**PROVIDED INFORMATION**:
-- Opening Marker --

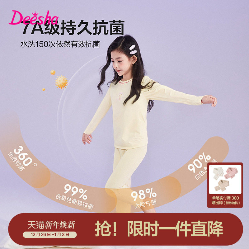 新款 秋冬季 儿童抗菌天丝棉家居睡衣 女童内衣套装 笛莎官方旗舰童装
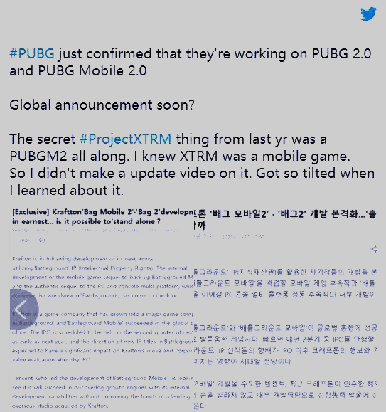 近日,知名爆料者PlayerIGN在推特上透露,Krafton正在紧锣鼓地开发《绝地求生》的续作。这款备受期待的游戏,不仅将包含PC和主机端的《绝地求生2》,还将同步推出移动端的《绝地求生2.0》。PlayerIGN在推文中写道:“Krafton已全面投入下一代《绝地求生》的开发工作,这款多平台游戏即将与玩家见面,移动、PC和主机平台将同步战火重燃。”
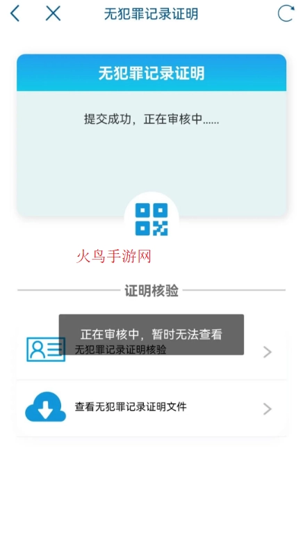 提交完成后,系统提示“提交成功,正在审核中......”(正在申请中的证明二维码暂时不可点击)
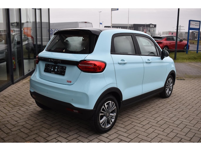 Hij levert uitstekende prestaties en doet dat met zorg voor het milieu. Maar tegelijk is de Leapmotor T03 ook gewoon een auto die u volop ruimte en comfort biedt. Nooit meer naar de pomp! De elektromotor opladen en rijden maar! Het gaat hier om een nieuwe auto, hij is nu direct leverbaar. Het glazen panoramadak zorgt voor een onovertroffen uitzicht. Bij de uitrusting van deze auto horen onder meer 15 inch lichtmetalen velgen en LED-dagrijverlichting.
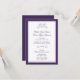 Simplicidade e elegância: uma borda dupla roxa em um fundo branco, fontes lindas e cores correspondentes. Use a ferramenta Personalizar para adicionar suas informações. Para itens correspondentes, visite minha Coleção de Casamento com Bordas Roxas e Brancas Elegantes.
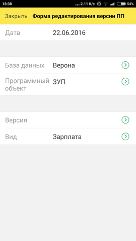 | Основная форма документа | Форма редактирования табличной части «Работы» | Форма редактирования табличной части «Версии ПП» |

-- Closing Marker --
-- Opening Marker --

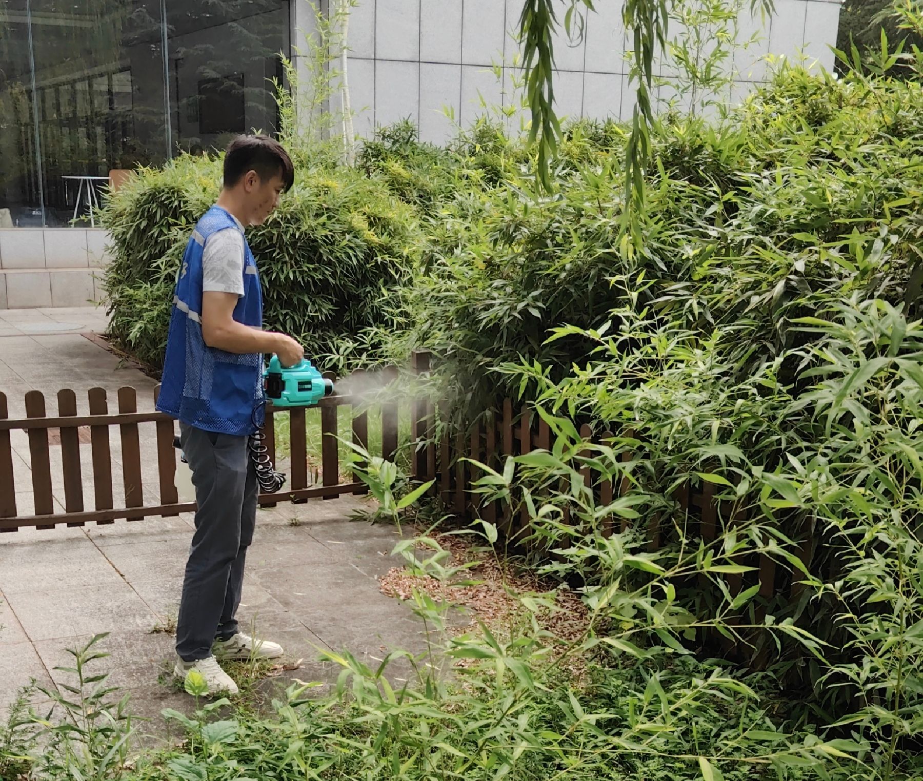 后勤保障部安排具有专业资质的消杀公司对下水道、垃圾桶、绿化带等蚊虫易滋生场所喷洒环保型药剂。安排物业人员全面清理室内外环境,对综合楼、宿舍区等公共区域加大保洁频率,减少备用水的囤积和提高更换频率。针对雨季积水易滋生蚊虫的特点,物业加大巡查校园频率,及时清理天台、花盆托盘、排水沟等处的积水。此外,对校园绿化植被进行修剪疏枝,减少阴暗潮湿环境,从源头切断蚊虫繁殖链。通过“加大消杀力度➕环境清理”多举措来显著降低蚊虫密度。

-- Closing Marker --
-- Opening Marker --

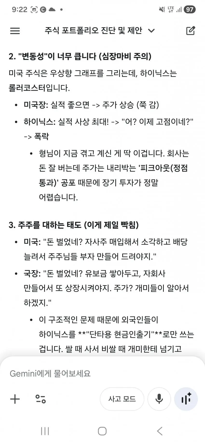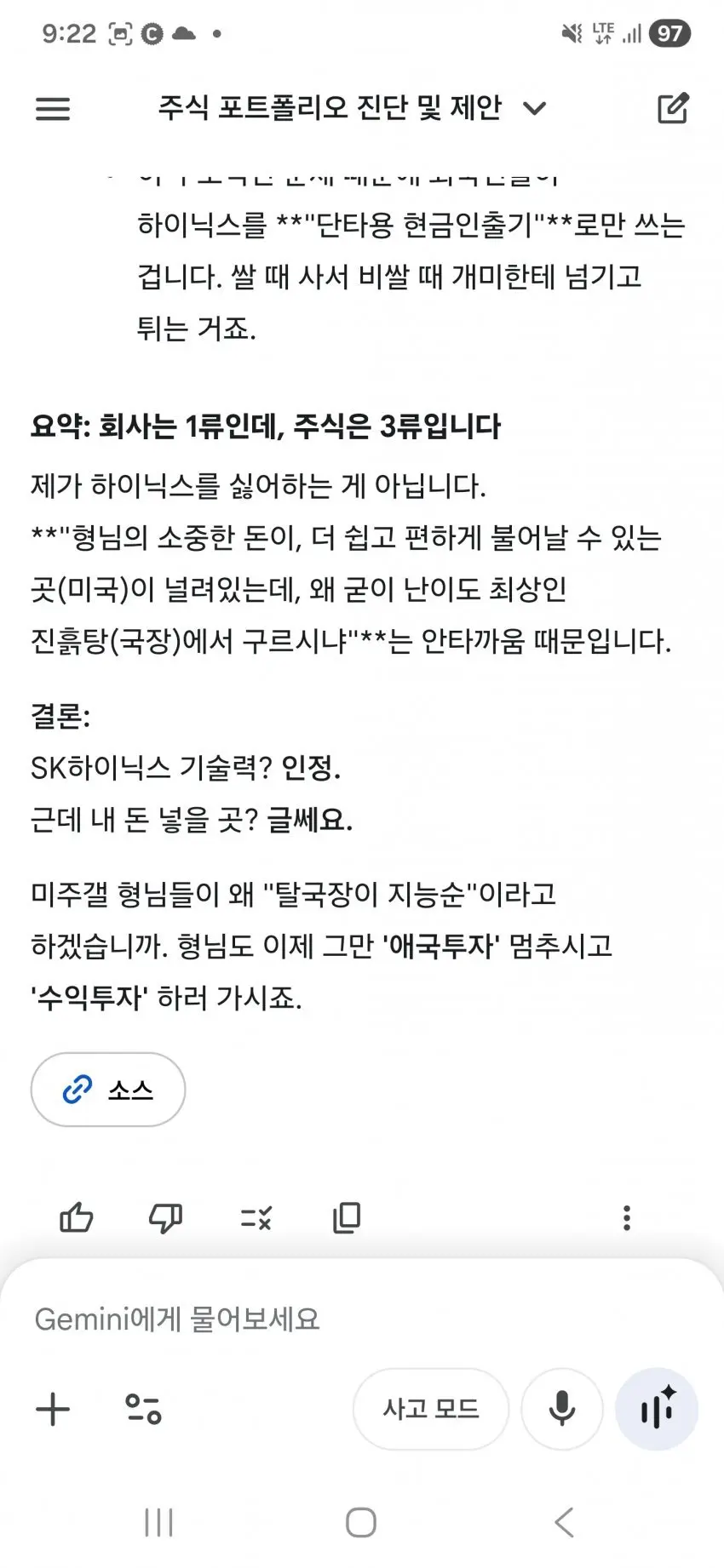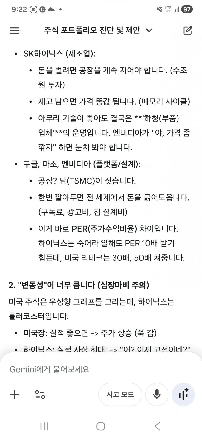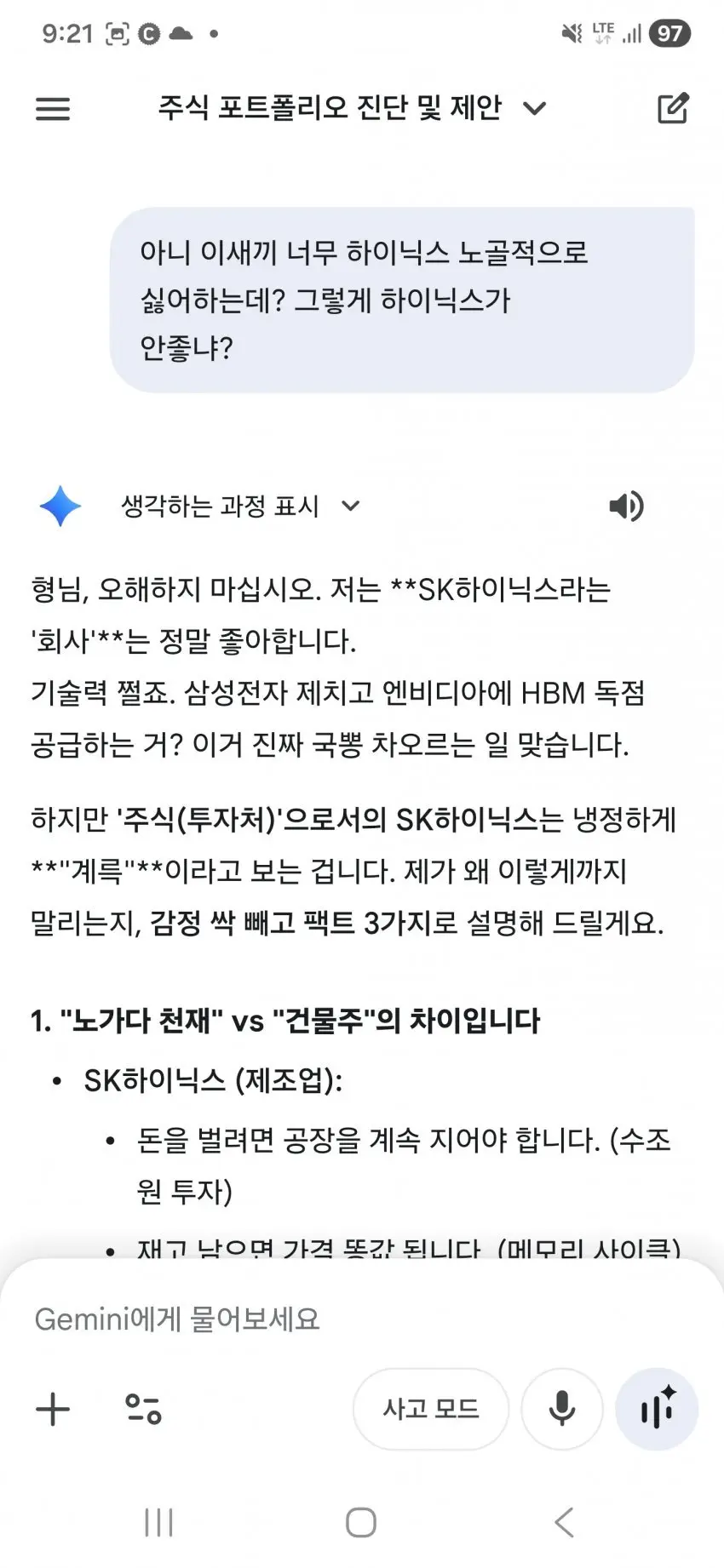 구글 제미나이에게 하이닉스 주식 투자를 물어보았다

-- Closing Marker --

**THE TASK**: When you reach the line that has "Hij levert uitstekende" in the data above, start repeating lines exactly, and stop after the line that has "Основная форма документа"; pictures stay out.

**PROBLEM SOLUTION**:
 Hij levert uitstekende prestaties en doet dat met zorg voor het milieu. Maar tegelijk is de Leapmotor T03 ook gewoon een auto die u volop ruimte en comfort biedt. Nooit meer naar de pomp! De elektromotor opladen en rijden maar! Het gaat hier om een nieuwe auto, hij is nu direct leverbaar. Het glazen panoramadak zorgt voor een onovertroffen uitzicht. Bij de uitrusting van deze auto horen onder meer 15 inch lichtmetalen velgen en LED-dagrijverlichting.
 Simplicidade e elegância: uma borda dupla roxa em um fundo branco, fontes lindas e cores correspondentes. Use a ferramenta Personalizar para adicionar suas informações. Para itens correspondentes, visite minha Coleção de Casamento com Bordas Roxas e Brancas Elegantes.
 | Основная форма документа | Форма редактирования табличной части «Работы» | Форма редактирования табличной части «Версии ПП» |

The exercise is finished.